_Problem to work on_
Reproduce the data exactly and drop any pictures it holds.

(Stored records)
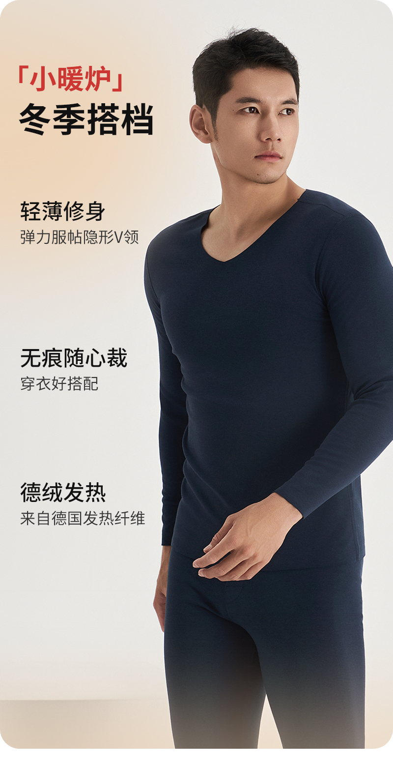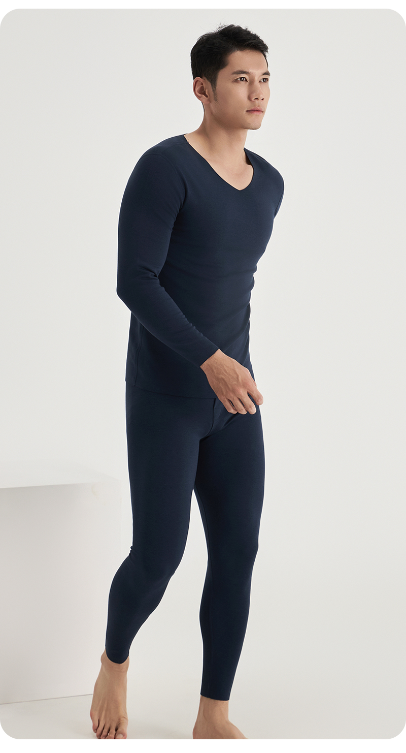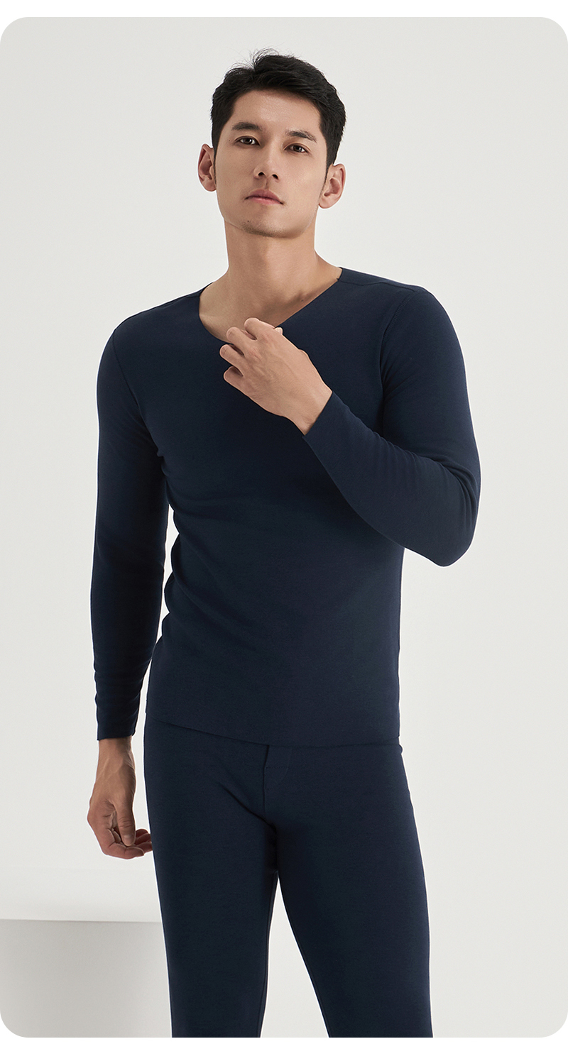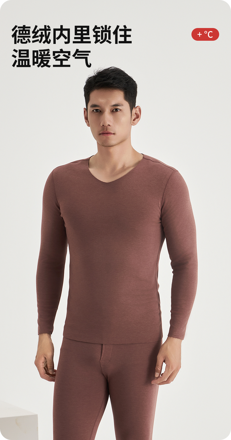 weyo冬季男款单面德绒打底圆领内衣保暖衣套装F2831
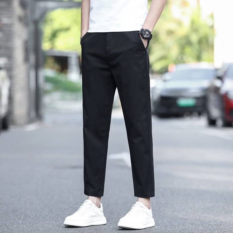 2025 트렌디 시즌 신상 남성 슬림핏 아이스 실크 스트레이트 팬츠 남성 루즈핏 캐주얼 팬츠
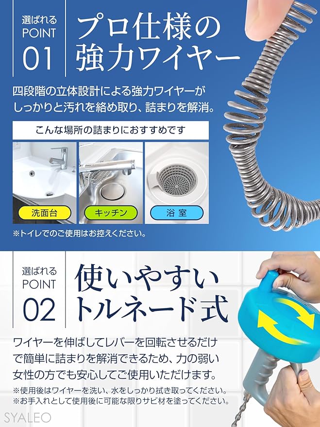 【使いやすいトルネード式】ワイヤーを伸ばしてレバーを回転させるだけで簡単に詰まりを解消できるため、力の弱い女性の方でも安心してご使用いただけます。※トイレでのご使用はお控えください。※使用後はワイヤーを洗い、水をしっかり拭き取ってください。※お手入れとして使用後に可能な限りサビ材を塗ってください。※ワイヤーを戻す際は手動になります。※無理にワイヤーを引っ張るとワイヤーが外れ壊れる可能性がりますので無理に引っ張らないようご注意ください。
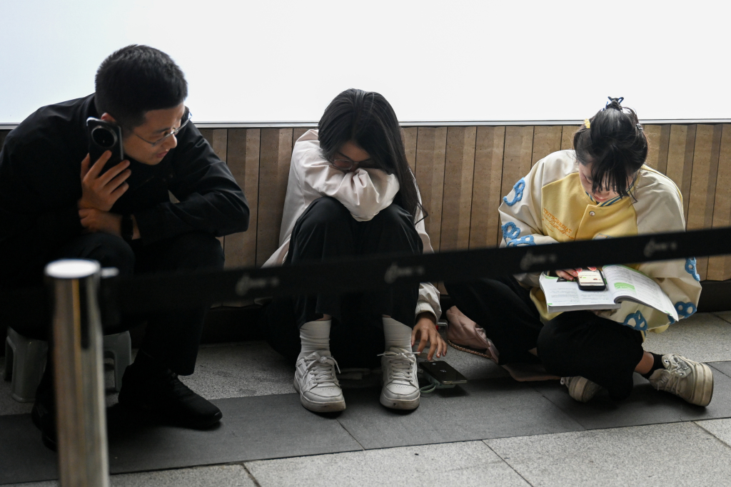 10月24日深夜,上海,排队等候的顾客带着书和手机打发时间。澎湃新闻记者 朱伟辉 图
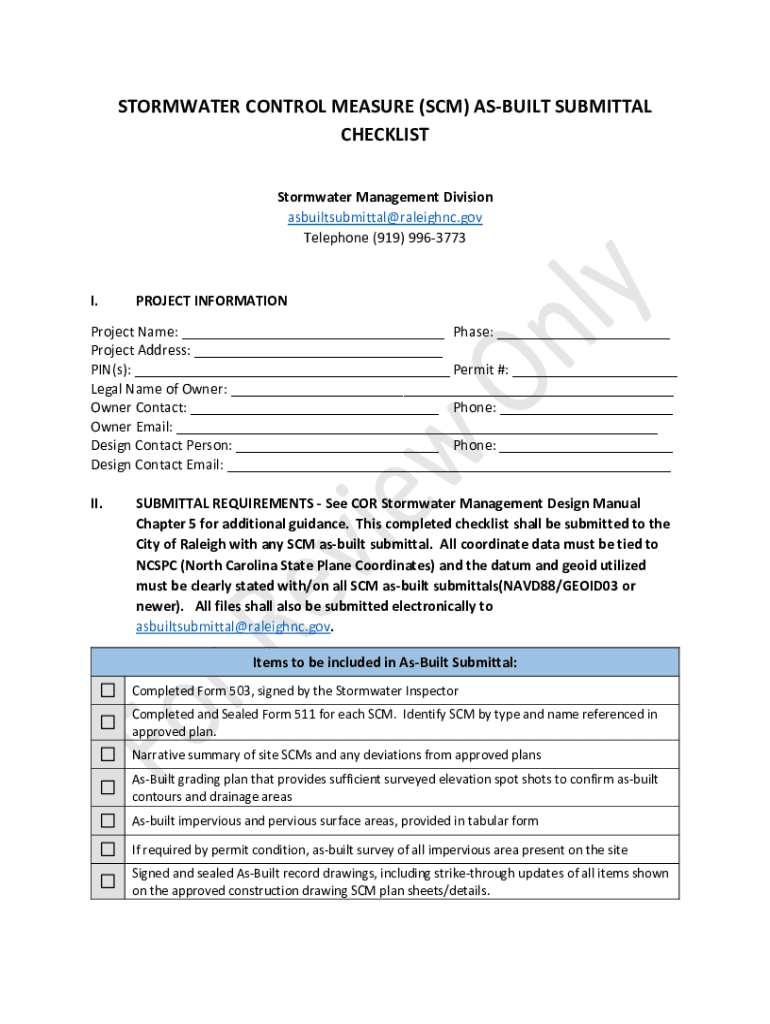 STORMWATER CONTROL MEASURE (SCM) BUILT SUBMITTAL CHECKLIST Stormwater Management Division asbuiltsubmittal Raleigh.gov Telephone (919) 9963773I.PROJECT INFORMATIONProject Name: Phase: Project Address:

_Answer to the problem_
 weyo冬季男款单面德绒打底圆领内衣保暖衣套装F2831
 2025 트렌디 시즌 신상 남성 슬림핏 아이스 실크 스트레이트 팬츠 남성 루즈핏 캐주얼 팬츠
 【使いやすいトルネード式】ワイヤーを伸ばしてレバーを回転させるだけで簡単に詰まりを解消できるため、力の弱い女性の方でも安心してご使用いただけます。※トイレでのご使用はお控えください。※使用後はワイヤーを洗い、水をしっかり拭き取ってください。※お手入れとして使用後に可能な限りサビ材を塗ってください。※ワイヤーを戻す際は手動になります。※無理にワイヤーを引っ張るとワイヤーが外れ壊れる可能性がりますので無理に引っ張らないようご注意ください。
 10月24日深夜,上海,排队等候的顾客带着书和手机打发时间。澎湃新闻记者 朱伟辉 图
 STORMWATER CONTROL MEASURE (SCM) BUILT SUBMITTAL CHECKLIST Stormwater Management Division asbuiltsubmittal Raleigh.gov Telephone (919) 9963773I.PROJECT INFORMATIONProject Name: Phase: Project Address:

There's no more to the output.